Lorsque les Comédiens Italiens sont renvoyés de Paris par Louis XIV en 1697, des troupes françaises se produisant dans les foires Saint-Germain et Saint-Laurent récupèrent canevas et personnages italiens pour inventer un nouveau spectacle d’esprit parodique, avec des passages chantés en vaudeville. À la tête d’une troupe foraine, Catherine Vondrebeck veuve Baron obtient en 1714 un privilège pour son spectacle désormais nommé « Opéra-Comique ».
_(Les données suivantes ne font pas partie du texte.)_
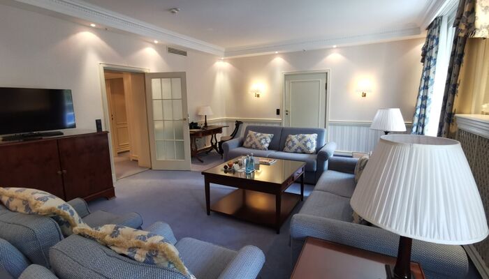 Die Suite kann individuell mit weiteren Zimmern zu einer Two- oder Three-Bedroom-Suite verbunden werden. Auf Wunsch steht Ihnen die gesamte vierte Etage, der Presidential Floor - eine der größten Suiten Europas mit insgesamt neun Zimmern und 584,55 qm - zur Verfügung.

Dans les premières décennies du XVIIIe siècle, les spectacles composites de l’Opéra-Comique forain empiètent sur les privilèges des deux troupes royales, l’Opéra et la Comédie-Française. L’Opéra le tolère car les parodies de l’Opéra-Comique lui font de la publicité : l’Opéra-Comique est donc autorisé à chanter en échange d’une part de ses recettes. En revanche, la Comédie-Française envoie des commissaires de police, édicte des interdits et fait parfois fermer l’Opéra-Comique lorsqu’elle estime son monopole menacé.
L’Opéra-Comique ne cesse donc d’inventer de nouvelles formes : pièces en prose (si interdiction des vers), en monologue (si interdiction du dialogue), en charabia (si interdiction du français), avec des marionnettes (si interdiction des acteurs), en pantomime (si interdiction de la voix). En 1715, avec des écriteaux qui font chanter par le public les paroles des personnages sur des airs connus (les vaudevilles), l’Opéra-Comique forain invente le karaoké.
Représentation d’un opéra-comique avec écriteaux, frontispice, Le Théâtre de la Foire ou l’Opéra-Comique, tome I, Lesage et d’Orneval, 1721, Département Littérature et art © BnF
Malgré plusieurs fermetures dues à la rivalité des théâtres, en particulier à l’animosité de la Comédie-Française, l’Opéra-Comique s’installe dans le paysage culturel. Auteurs et compositeurs commencent à y proposer des contributions originales. Son répertoire est publié à partir de 1721.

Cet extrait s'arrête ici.